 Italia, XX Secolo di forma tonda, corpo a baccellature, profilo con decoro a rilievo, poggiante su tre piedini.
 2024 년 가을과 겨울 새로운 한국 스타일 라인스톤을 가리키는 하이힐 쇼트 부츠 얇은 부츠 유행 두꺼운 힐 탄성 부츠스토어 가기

...

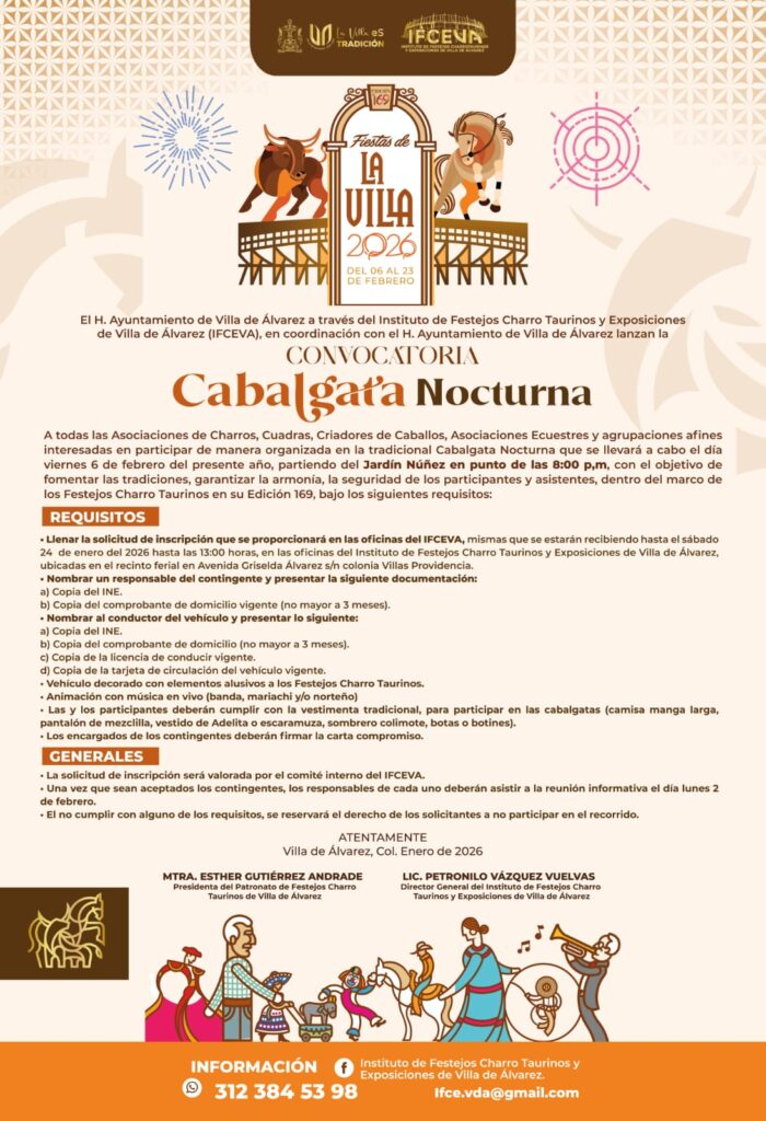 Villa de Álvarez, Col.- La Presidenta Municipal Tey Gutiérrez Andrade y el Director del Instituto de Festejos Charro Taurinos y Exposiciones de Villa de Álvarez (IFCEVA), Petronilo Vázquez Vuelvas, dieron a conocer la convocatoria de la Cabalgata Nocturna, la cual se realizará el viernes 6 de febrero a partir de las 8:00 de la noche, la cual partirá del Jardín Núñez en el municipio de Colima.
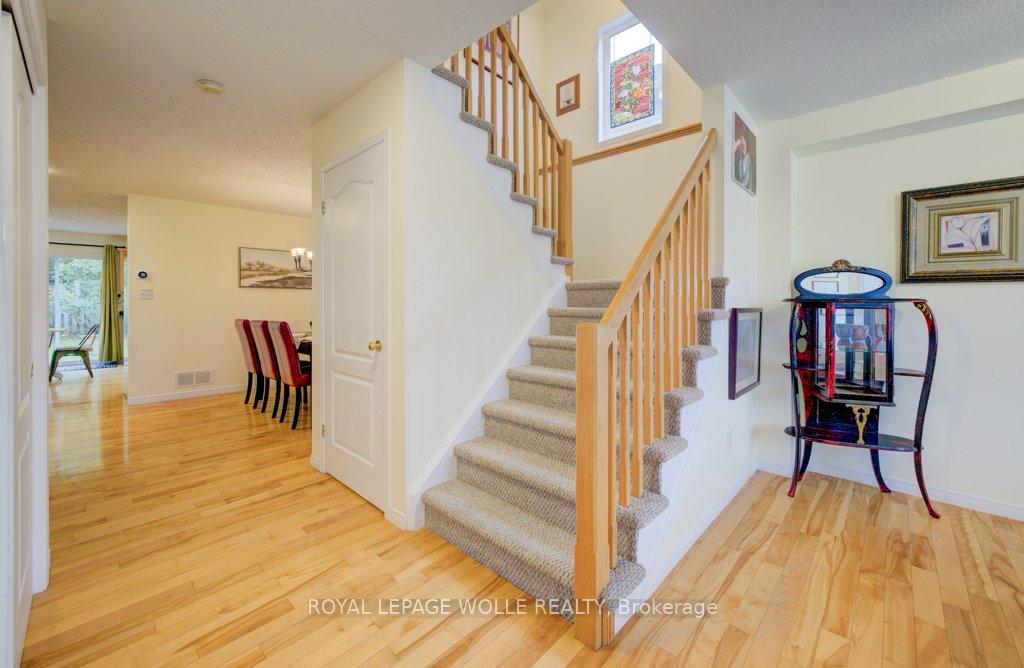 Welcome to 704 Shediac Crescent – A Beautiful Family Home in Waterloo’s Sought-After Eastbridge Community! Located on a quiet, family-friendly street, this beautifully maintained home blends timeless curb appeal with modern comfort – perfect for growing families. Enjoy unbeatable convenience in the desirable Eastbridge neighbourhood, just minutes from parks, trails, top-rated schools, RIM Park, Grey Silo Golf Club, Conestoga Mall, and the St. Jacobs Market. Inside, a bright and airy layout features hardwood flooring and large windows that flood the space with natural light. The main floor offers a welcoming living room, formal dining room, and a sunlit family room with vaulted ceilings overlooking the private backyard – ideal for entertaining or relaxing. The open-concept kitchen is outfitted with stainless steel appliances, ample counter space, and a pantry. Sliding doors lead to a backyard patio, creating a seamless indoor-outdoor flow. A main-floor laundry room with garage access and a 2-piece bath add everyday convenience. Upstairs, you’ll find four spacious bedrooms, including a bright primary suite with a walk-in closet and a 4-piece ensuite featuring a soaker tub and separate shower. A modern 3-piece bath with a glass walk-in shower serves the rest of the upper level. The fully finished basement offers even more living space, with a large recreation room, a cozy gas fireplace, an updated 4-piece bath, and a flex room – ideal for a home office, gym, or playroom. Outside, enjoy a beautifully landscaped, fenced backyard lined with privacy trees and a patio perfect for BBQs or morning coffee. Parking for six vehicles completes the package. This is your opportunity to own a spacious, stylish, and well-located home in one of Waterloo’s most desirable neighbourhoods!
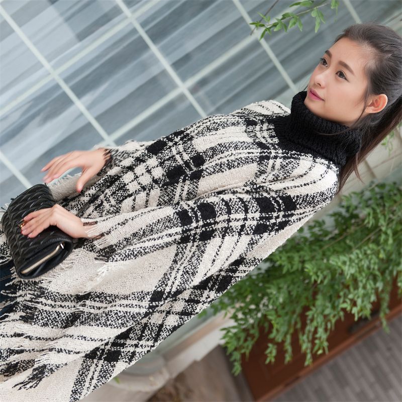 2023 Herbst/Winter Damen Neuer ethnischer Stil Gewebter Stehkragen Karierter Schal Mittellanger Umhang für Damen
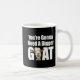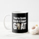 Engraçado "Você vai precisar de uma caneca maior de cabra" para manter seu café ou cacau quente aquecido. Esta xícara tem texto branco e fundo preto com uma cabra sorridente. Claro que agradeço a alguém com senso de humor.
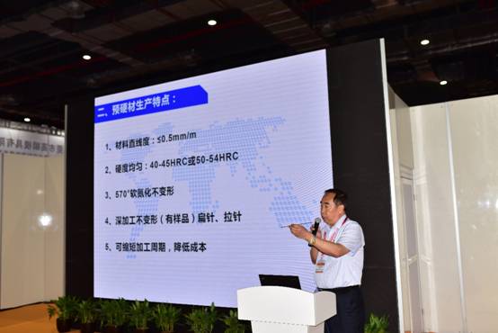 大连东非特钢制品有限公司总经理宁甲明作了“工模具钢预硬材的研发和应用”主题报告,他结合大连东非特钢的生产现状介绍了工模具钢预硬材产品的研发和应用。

• What you are asked to do
The answer should consist only of the lines above from the one with "Villa de Álvarez, Col.- La" through the one with "2023 Herbst/Winter Damen", repeated exactly, with no pictures among them.

• Result
 Villa de Álvarez, Col.- La Presidenta Municipal Tey Gutiérrez Andrade y el Director del Instituto de Festejos Charro Taurinos y Exposiciones de Villa de Álvarez (IFCEVA), Petronilo Vázquez Vuelvas, dieron a conocer la convocatoria de la Cabalgata Nocturna, la cual se realizará el viernes 6 de febrero a partir de las 8:00 de la noche, la cual partirá del Jardín Núñez en el municipio de Colima.
 Welcome to 704 Shediac Crescent – A Beautiful Family Home in Waterloo’s Sought-After Eastbridge Community! Located on a quiet, family-friendly street, this beautifully maintained home blends timeless curb appeal with modern comfort – perfect for growing families. Enjoy unbeatable convenience in the desirable Eastbridge neighbourhood, just minutes from parks, trails, top-rated schools, RIM Park, Grey Silo Golf Club, Conestoga Mall, and the St. Jacobs Market. Inside, a bright and airy layout features hardwood flooring and large windows that flood the space with natural light. The main floor offers a welcoming living room, formal dining room, and a sunlit family room with vaulted ceilings overlooking the private backyard – ideal for entertaining or relaxing. The open-concept kitchen is outfitted with stainless steel appliances, ample counter space, and a pantry. Sliding doors lead to a backyard patio, creating a seamless indoor-outdoor flow. A main-floor laundry room with garage access and a 2-piece bath add everyday convenience. Upstairs, you’ll find four spacious bedrooms, including a bright primary suite with a walk-in closet and a 4-piece ensuite featuring a soaker tub and separate shower. A modern 3-piece bath with a glass walk-in shower serves the rest of the upper level. The fully finished basement offers even more living space, with a large recreation room, a cozy gas fireplace, an updated 4-piece bath, and a flex room – ideal for a home office, gym, or playroom. Outside, enjoy a beautifully landscaped, fenced backyard lined with privacy trees and a patio perfect for BBQs or morning coffee. Parking for six vehicles completes the package. This is your opportunity to own a spacious, stylish, and well-located home in one of Waterloo’s most desirable neighbourhoods!
 2023 Herbst/Winter Damen Neuer ethnischer Stil Gewebter Stehkragen Karierter Schal Mittellanger Umhang für Damen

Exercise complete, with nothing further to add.